Mais sobre o terremoto na Turquia e na Síria
Em 1999, nós aprendemos rapidamente que não é o terremoto em si que mata as pessoas, são os blocos de concreto fabricados pelo homem que matam. A culpa recaiu sobre construtoras que usaram materiais baratos, autoridades que fracassaram em fazer valer as regulações relativamente brandas da construção civil e, evidentemente, sobre o governo, que não havia desenvolvido uma estratégia nacional de resposta a terremotos.
Por ironia, foi justamente por razões como essas que o terremoto de 1999 inspirou um enorme desejo por mudança na sociedade que em última instância beneficiou o Partido Justiça e Desenvolvimento (AKP) — do presidente Recep Tayyip Erdogan. Quando chegou ao poder, em 2002, o AKP só falava de reformas e em estreitar os laços com a União Europeia. Fundos da UE fluíram para a construção de escolas e outros prédios públicos mais seguros, seguindo códigos de construção europeus.

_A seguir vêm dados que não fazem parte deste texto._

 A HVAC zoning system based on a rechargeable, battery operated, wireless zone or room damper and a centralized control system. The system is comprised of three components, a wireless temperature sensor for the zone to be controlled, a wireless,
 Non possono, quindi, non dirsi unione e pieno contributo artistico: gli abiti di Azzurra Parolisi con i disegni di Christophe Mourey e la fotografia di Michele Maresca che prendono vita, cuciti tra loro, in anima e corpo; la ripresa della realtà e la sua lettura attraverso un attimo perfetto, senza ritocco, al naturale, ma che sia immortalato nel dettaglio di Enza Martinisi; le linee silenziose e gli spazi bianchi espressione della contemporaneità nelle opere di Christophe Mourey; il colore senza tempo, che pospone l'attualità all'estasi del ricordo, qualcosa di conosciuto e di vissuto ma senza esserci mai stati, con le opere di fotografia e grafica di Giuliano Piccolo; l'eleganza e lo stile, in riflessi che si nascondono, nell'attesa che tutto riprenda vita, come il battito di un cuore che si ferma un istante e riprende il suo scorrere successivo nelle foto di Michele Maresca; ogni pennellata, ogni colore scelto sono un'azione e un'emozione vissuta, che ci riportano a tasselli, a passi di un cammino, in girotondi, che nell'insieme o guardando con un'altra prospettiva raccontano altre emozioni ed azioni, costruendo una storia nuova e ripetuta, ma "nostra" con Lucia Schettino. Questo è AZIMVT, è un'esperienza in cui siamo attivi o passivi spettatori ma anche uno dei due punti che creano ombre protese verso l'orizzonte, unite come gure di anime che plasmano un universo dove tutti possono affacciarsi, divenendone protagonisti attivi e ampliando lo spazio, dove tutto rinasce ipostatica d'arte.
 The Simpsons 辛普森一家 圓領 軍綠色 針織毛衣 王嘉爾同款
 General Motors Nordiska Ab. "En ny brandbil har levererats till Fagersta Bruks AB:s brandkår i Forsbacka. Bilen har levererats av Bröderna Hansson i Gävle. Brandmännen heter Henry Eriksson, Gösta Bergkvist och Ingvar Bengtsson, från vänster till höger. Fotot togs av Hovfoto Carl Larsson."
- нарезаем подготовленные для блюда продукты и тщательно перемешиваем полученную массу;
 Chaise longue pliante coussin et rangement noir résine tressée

Mas conforme Erdogan ampliou seu próprio poder (e o sonho europeu da Turquia desvaneceu), o interesse do governo em atender normas de segurança europeias erodiu. Em 2018, quase duas décadas após o massivo tremor de 1999, a Turquia finalmente aprovou uma muito aguardada legislação para prevenção a terremotos. Mas essas regras foram mais honradas pelo incumprimento do que observadas. Erdogan descreveu frequentemente o setor da construção como a joia da coroa da economia — encorajando uma falta de supervisão tácita. Os grandes contratos públicos da Turquia tendem a cair nas mãos sempre dos mesmos cupinchas do governo. Pense o que quiser disso.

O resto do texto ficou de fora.